# A proof.

1. Mar 4, 2004

### gimpy

Hi, im having a little trouble with this proof:

Let n be a positive integer. What is the largest binomial coefficient $$C(n,r)$$ where r is a nonnegative integer less than or equal to n? Prove your answer is correct.

So let $$r = \lfloor{\frac{n}{2}\rfloor}$$ or $$r = \lceil{\frac{n}{2}\rceil}$$ then $$\left( \begin{array}{c} n \\ r \end{array} \right)$$ is the largest binomial coefficient.

Now im having trouble with the proof. Where do i begin?
Maybe something like this?

$$\left( \begin{array}{c} n \\ \lfloor \frac{n}{2} \rfloor \end{array} \right) = \frac{n!}{\left(\lfloor \frac{n}{2} \rfloor \right)! \left(n - \lfloor \frac{n}{2} \rfloor \right)!} = ......$$

Am i on the right track?

2. Mar 4, 2004

Staff Emeritus
Yes you are on the right track. There are two cases depending on whether n is odd or even. Obviously the middle values are the biggest, just think of the Pascal triangle.

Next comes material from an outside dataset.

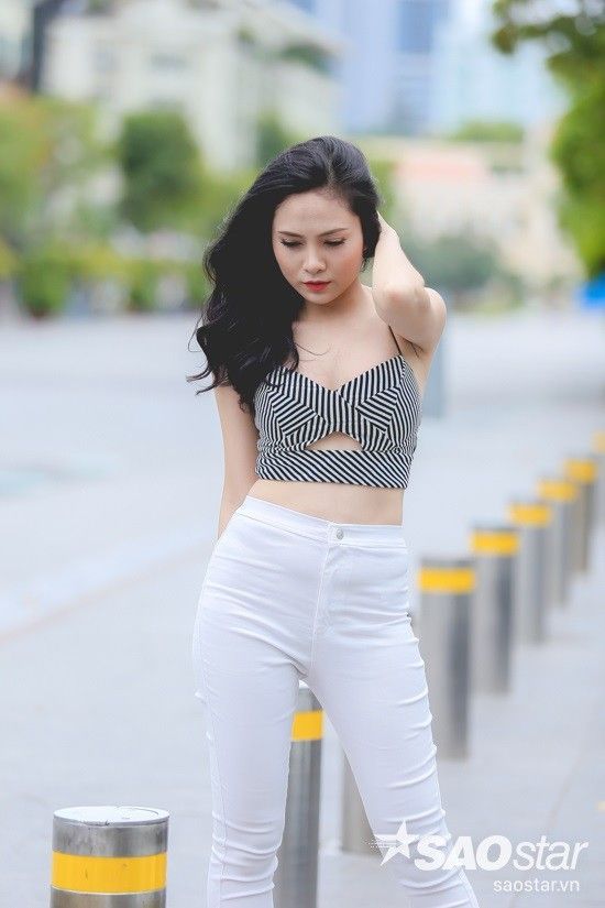 Trưởng nhóm chọn cho mình phong cách thể thao gợi cảm với croptop kẻ sọc.

Then I suppose you would prove that (in the even case) C(n,n/2) > C(n,r) for r < n and r not equal n/2. Consider writing n as 2m, so n/2 = m, and splitting out the facors: C(n,m) = n(n-1)...(m+1)/m(m-1)...1 compared to C(n,r) = n(n-1)...r/(n-r)(n-r-1)...1, and match factors.

3. Mar 5, 2004

### matt grime

you can proceed as follows:

note that $$\binom{n}{r}=\binom{n}{n-r}$$ and that it thus suffices to show that the coeffs for r=0 to [n/2] (integral part) are increasing.

This follows from a *careful* induction argument (it's best to have two base cases going for n=2 and 3 say).